Since nobody's said it: If you want to have a pointer-to-2D-array, you can (probably) do something like
int (*p)[][3] = &(int[][3]) {{1,2,3},{4,5,6}};
EDIT: Or you can have a pointer to its first element via
int (*p)[3] = (int[][3]) {{1,2,3},{4,5,6}};
The reason why your example doesn't work is because {{1,2,3},{4,5,6}} is not a valid initializer for type int*[] (because {1,2,3} is not a valid initializer for int*). Note that it is not an int[2][3] — it's simply an invalid expression.
The reason why it works for strings is because "one" is a valid initializer for char[] and char[N] (for some N>3). As an expression, it's approximately equivalent to (const char[]){'o','n','e','\0'} except the compiler doesn't complain too much when it loses constness.
And yes, there's a big difference between an initializer and an expression. I'm pretty sure char s[] = (char[]){3,2,1,0}; is a compile error in C99 (and possibly C++ pre-0x). There are loads of other things too, but T foo = ...; is variable initialization, not assignment, even though they look similar. (They are especially different in C++, since the assignment operator is not called.)
And the reason for the confusion with pointers:
Type T[] is implicitly converted to type T* (a pointer to its first element) when necessary.
T arg1[] in a function argument list actually means T * arg1. You cannot pass an array to a function for Various Reasons. It is not possible. If you try, you are actually passing a pointer-to-array. (You can, however, pass a struct containing a fixed-size array to a function.)
They both can be dereferenced and subscripted with identical (I think) semantics.
EDIT: The observant might notice that my first example is roughly syntactically equivalent to int * p = &1;, which is invalid. This works in C99 because a compound literal inside a function "has automatic storage duration associated with the enclosing block" (ISO/IEC 9899:TC3).

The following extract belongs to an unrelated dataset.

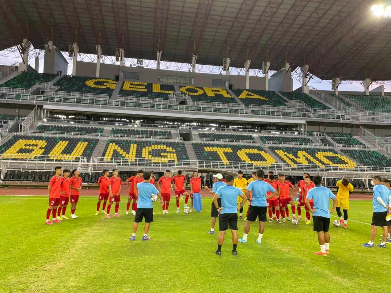 Vấn đề với U20 Việt Nam có lẽ chỉ là vấn đề thích nghi về thời tiết, mặt sân. Trong buổi tập cuối cùng chiều 13/9, HLV Thế Nam và các học trò về cơ bản có cảm nhận về không gian, làm quen với mặt cỏ trên sân chính Gelora Bung Tomo.

The one that you are using is array of int pointers. You should use pointer to array :
int (*p)[] = (int *) {{1,2,3}, {4,5,6}}
Look at this answer for more details.
It seems you are confusing pointers and array. They're not the same thing! An array is the list itself, while a pointer is just an address. Then, with pointer arithmetic you can pretend pointers are array, and with the fact that the name of an array is a pointer to the first element everything sums up in a mess. ;)

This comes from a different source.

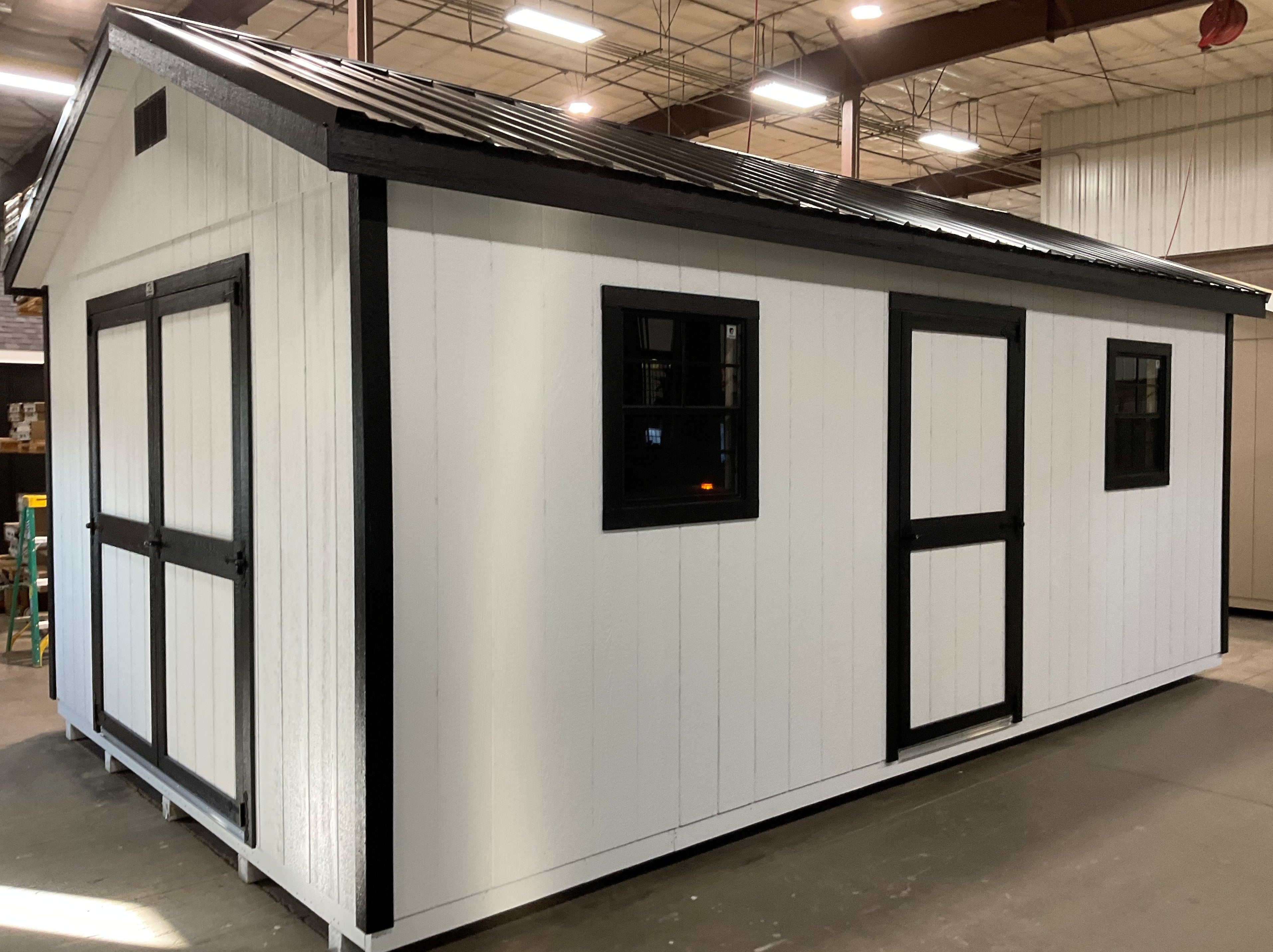 ~ 12X20 Everyday Backyard Shed Package XL With Wood Panel Siding ** Roofline - 5/12 Ranch Gable** ~ Building Color - Super White (SW 6995) ~ Trim Color - *FASCIA, CORNER, WINDOW & DOOR TRIM* - Tricorn Black (SW6258) Super Paint ~ Steel Roof - Black LC

int *p[] = (int *[]) {{1,2,3},{4,5,6}}; //I got a error
Here, p is an array of pointers, so you are trying to assign the elements whose addresses are 1, 2, 3 to the first array and 4, 5, 6 to the second array. The seg fault happens because you can't access those memory locations.

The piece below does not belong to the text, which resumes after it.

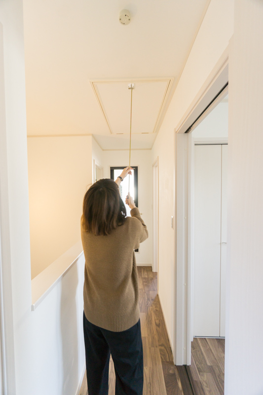 片付けるときにも出すときの逆の流れで戻していけば、また天井に隠れます。

int p[][3] = {{1,2,3},{4,5,6}}; //it's okay
This is ok because this is an array of arrays, so this time 1, 2, 3, 4, 5 and 6 aren't addresses but the elements themselves.
char *p[] = (char *[]) {"one", "two"...}; // it's okay!
This is ok because the string literals ("one", "two", ...) aren't really strings but pointers to those strings, so you're assigning to p[1] the address of the string literal "one".
BTW, this is the same as doing char abc[]; abc = "abc";. This won't compile, because you can't assign a pointer to an array, while char *def; def = "def"; solves the problem.